INFORMATION PROVIDED:
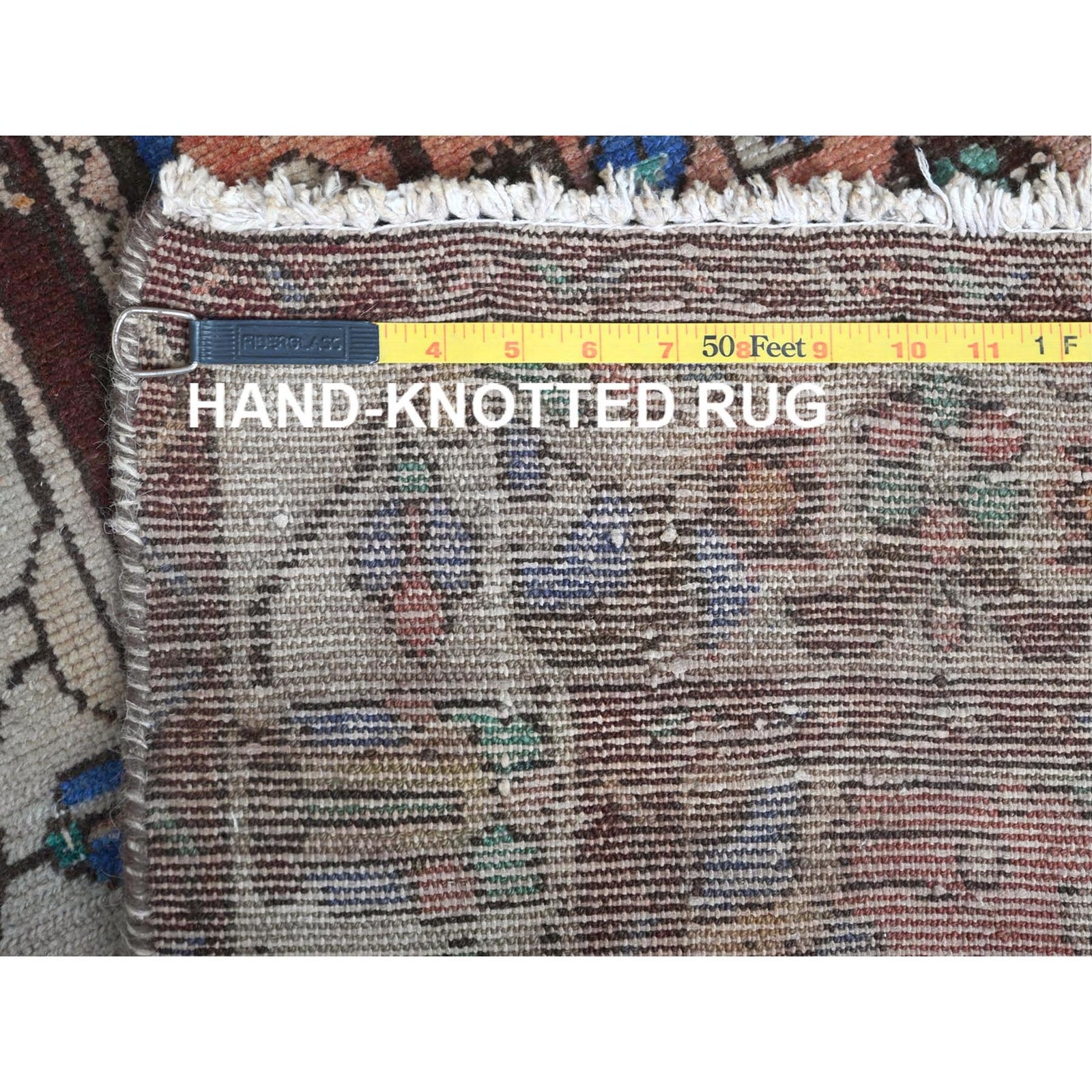 3'9"X9'9" Brown Vintage Farsian Worn Wool Hand Knotted Wide Runner Rug
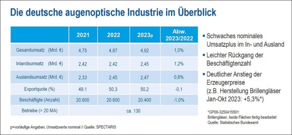 Der Industrieverband Spectaris mit Sitz in Berlin präsentierte zum Start der Fachmesse opti in München am 12. Januar erste Marktzahlen der deutschen Hersteller von Augenoptik und Consumer Optics für 2023. Demnach stieg der Umsatz um 1,0 Prozent auf 4,92 Mrd. Euro. Dabei seien wenig Impulse aus dem Auslands-Geschäft gekommen.
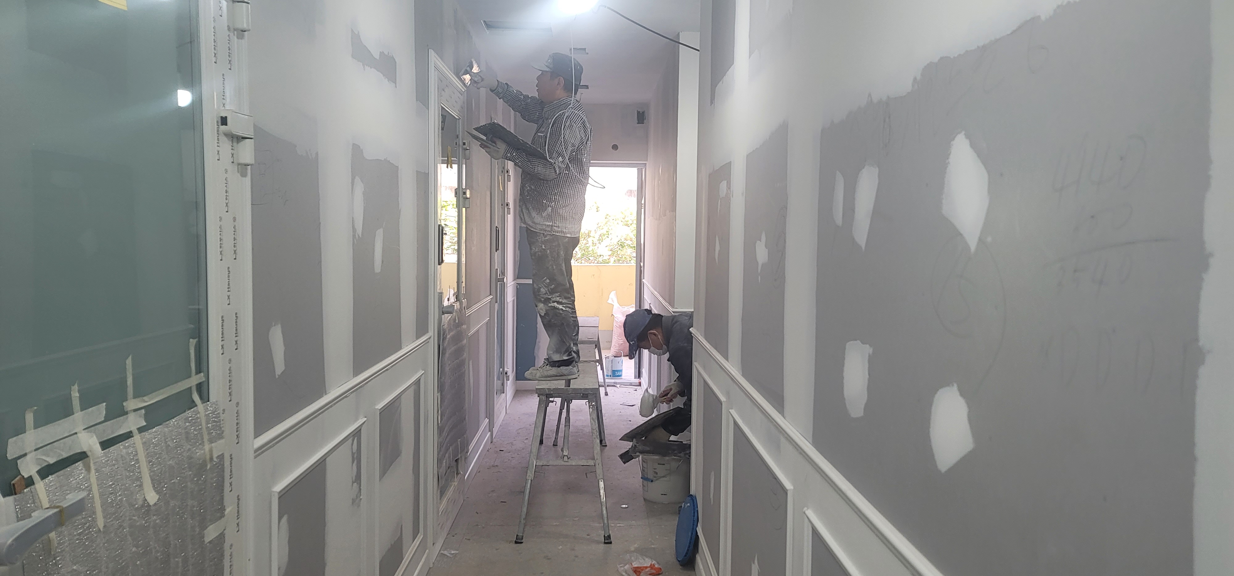 대구시 범어동 음악 연습실 복도 석고보드 인테리어 페인트-4.올퍼티 사포질 2022년4월18일(월) ☞아침 기온/10도 ☞날씨/맑음 구분: 석고 보드 작업: 올퍼티 사포질 HOT Line: 010-2229-7704색시공 올퍼티에 사포질은 아무나 하나 180번도 안된다 꼭 220번 사포로 쳐야 한다 180번 사포는 요철 부분을 없애기는 좋지만 잘못 치면 표면에 자국만 남는다 2층 계단에서 올라 오는 공기가 작업하는 복도를 지나 비상구로 잘도 빠져 나간다 환풍기 두대로 퍼티 분진을 빨아 내며 구석 구석 200w 전구를 들고 사포질을 하는데 밀가루 공장이 따로 없다 작업복과 장갑이 하얗게 분진에 너무 더럽다 늦은 시간에는 강력 송풍기로 분진 불어 없애고 코너와 웨인스 코팅 에 수용성 씨리콘 쏘아 놓고 퇴근했다..
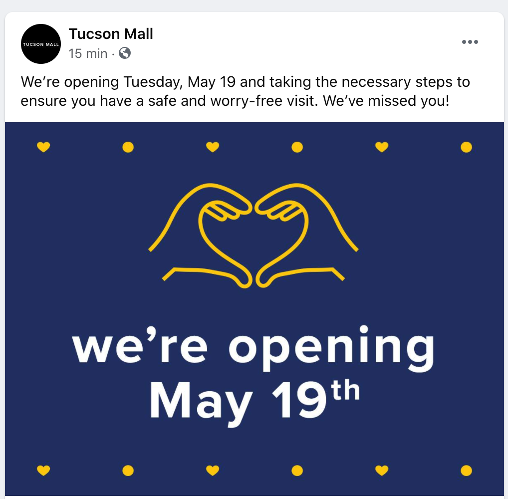 TUCSON, ARIZONA, USA – Tucson Mall, and Park Place Mall in Tucson announce their plans to open to the public beginning Tuesday, May 19.

EXERCISE REQUIREMENTS:
Set out the material once more, exact in every line, with no images.

WRITTEN SOLUTION:
 3'9"X9'9" Brown Vintage Farsian Worn Wool Hand Knotted Wide Runner Rug
 Der Industrieverband Spectaris mit Sitz in Berlin präsentierte zum Start der Fachmesse opti in München am 12. Januar erste Marktzahlen der deutschen Hersteller von Augenoptik und Consumer Optics für 2023. Demnach stieg der Umsatz um 1,0 Prozent auf 4,92 Mrd. Euro. Dabei seien wenig Impulse aus dem Auslands-Geschäft gekommen.
 대구시 범어동 음악 연습실 복도 석고보드 인테리어 페인트-4.올퍼티 사포질 2022년4월18일(월) ☞아침 기온/10도 ☞날씨/맑음 구분: 석고 보드 작업: 올퍼티 사포질 HOT Line: 010-2229-7704색시공 올퍼티에 사포질은 아무나 하나 180번도 안된다 꼭 220번 사포로 쳐야 한다 180번 사포는 요철 부분을 없애기는 좋지만 잘못 치면 표면에 자국만 남는다 2층 계단에서 올라 오는 공기가 작업하는 복도를 지나 비상구로 잘도 빠져 나간다 환풍기 두대로 퍼티 분진을 빨아 내며 구석 구석 200w 전구를 들고 사포질을 하는데 밀가루 공장이 따로 없다 작업복과 장갑이 하얗게 분진에 너무 더럽다 늦은 시간에는 강력 송풍기로 분진 불어 없애고 코너와 웨인스 코팅 에 수용성 씨리콘 쏘아 놓고 퇴근했다..
 TUCSON, ARIZONA, USA – Tucson Mall, and Park Place Mall in Tucson announce their plans to open to the public beginning Tuesday, May 19.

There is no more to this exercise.